DESCRIPTION OF THE TASK: Would you give back exactly the lines from the line with "- ※効果持続時間は目安です" through the end of the entries below, both included, but none of the pictures?

(Data records)
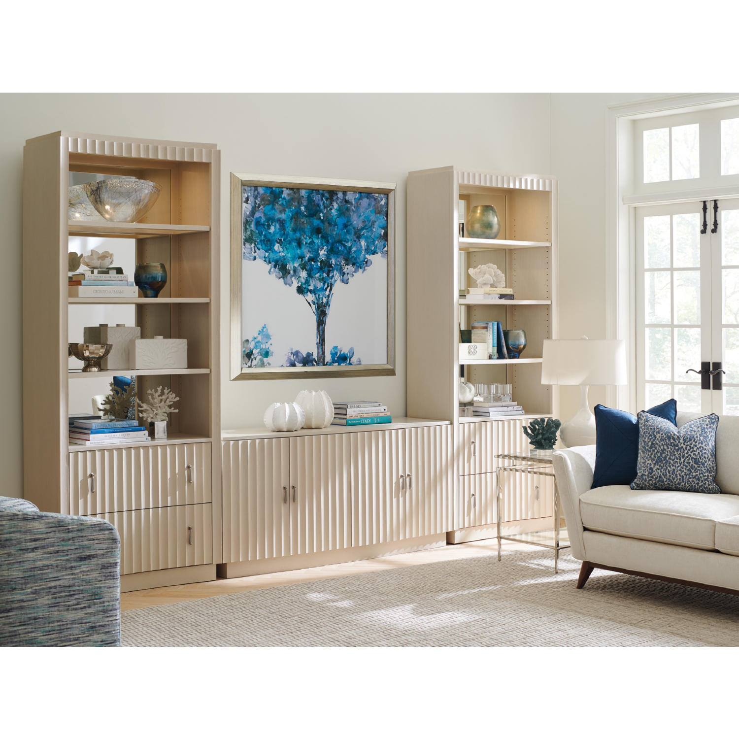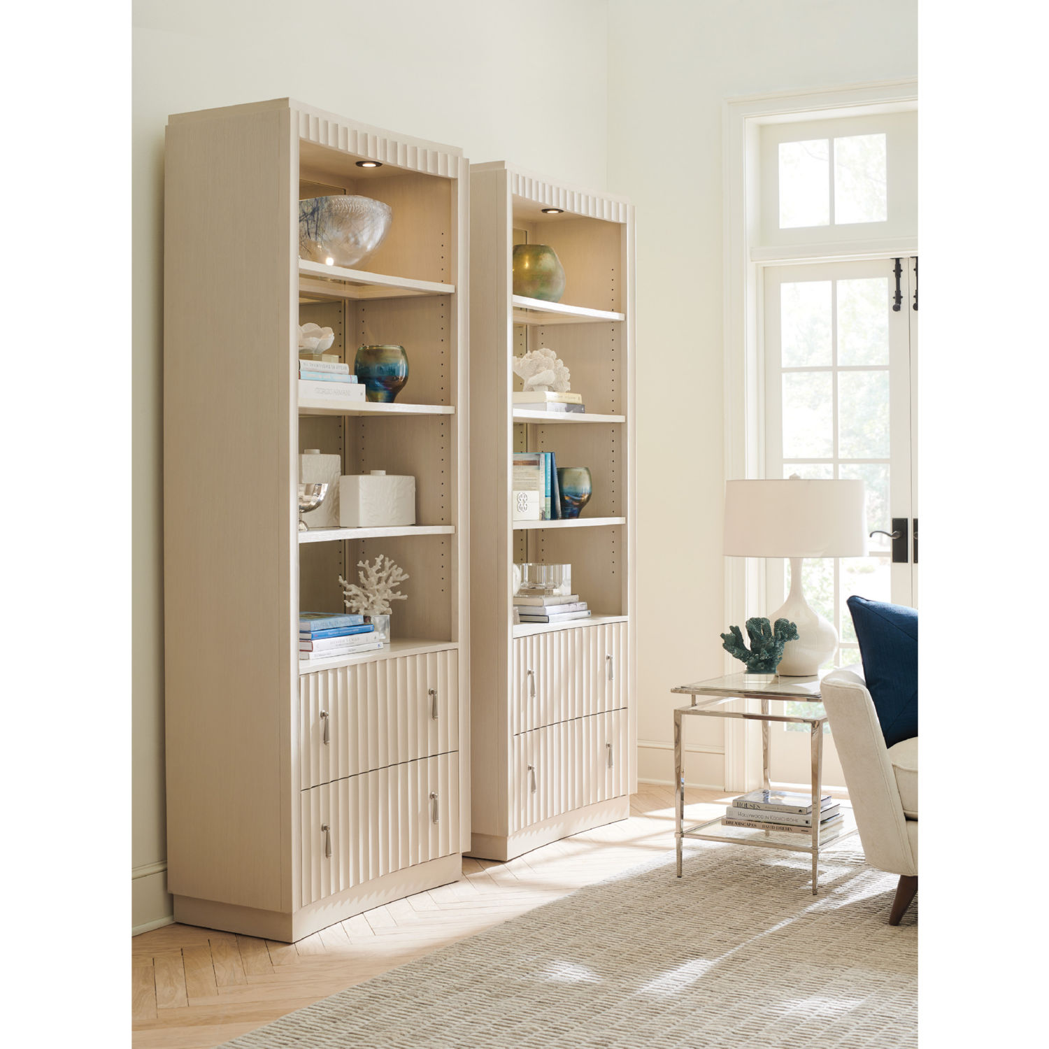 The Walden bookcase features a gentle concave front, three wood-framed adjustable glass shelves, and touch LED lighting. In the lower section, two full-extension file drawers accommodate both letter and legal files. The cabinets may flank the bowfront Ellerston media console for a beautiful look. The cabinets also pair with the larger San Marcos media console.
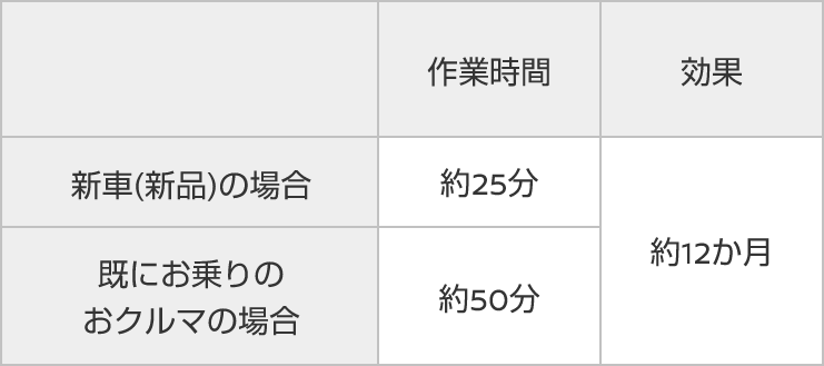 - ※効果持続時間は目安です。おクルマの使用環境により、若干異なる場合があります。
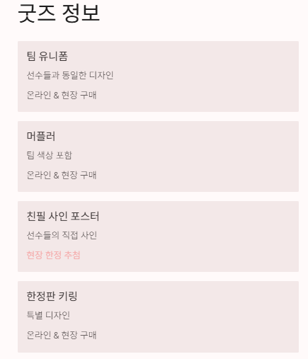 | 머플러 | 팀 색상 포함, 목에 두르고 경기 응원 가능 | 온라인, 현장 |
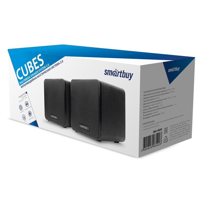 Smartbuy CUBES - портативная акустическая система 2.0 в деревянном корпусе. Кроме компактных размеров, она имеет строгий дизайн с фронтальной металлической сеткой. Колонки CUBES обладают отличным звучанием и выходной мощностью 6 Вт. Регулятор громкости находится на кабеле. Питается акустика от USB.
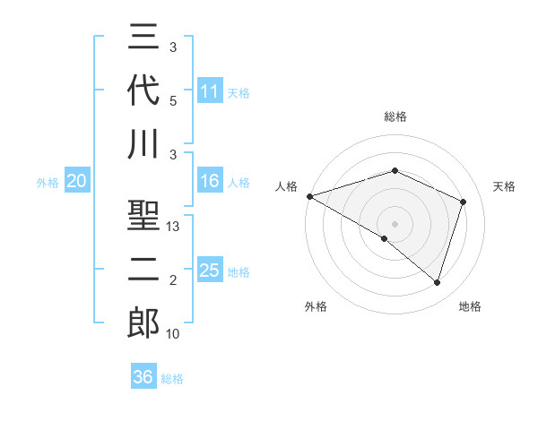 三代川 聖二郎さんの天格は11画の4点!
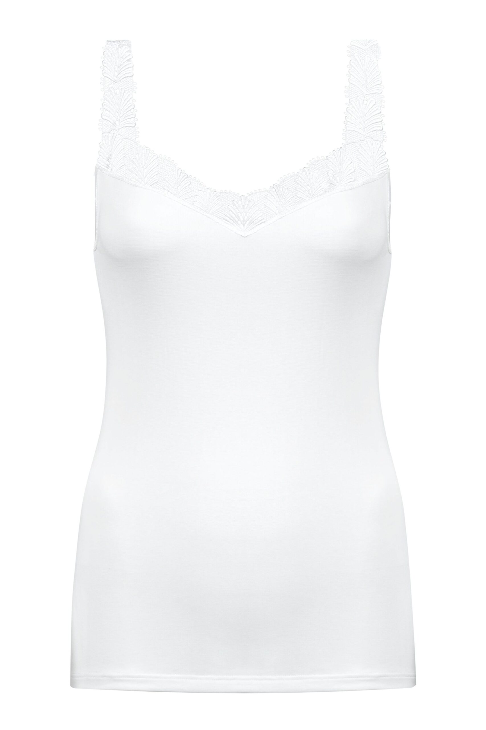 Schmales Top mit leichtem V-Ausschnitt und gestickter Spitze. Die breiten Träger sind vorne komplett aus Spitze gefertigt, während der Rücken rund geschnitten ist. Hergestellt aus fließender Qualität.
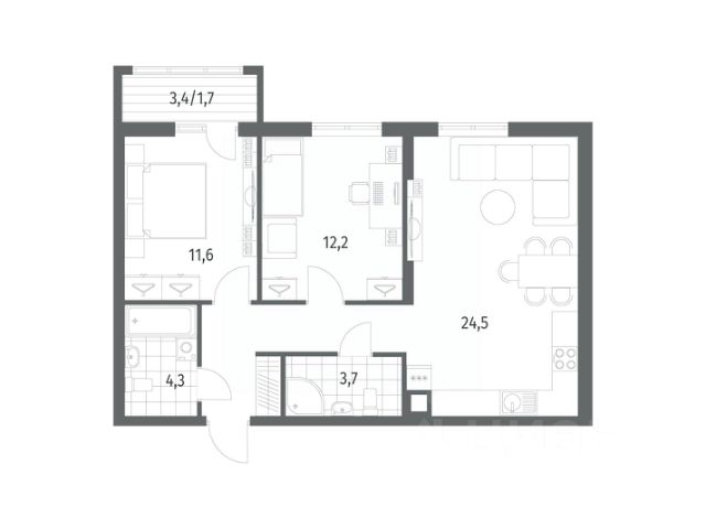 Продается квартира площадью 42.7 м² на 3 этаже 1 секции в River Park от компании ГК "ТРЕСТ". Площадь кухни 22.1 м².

RESULT OF THIS TASK:
 - ※効果持続時間は目安です。おクルマの使用環境により、若干異なる場合があります。
 | 머플러 | 팀 색상 포함, 목에 두르고 경기 응원 가능 | 온라인, 현장 |
 Smartbuy CUBES - портативная акустическая система 2.0 в деревянном корпусе. Кроме компактных размеров, она имеет строгий дизайн с фронтальной металлической сеткой. Колонки CUBES обладают отличным звучанием и выходной мощностью 6 Вт. Регулятор громкости находится на кабеле. Питается акустика от USB.
 三代川 聖二郎さんの天格は11画の4点!
 Schmales Top mit leichtem V-Ausschnitt und gestickter Spitze. Die breiten Träger sind vorne komplett aus Spitze gefertigt, während der Rücken rund geschnitten ist. Hergestellt aus fließender Qualität.
 Продается квартира площадью 42.7 м² на 3 этаже 1 секции в River Park от компании ГК "ТРЕСТ". Площадь кухни 22.1 м².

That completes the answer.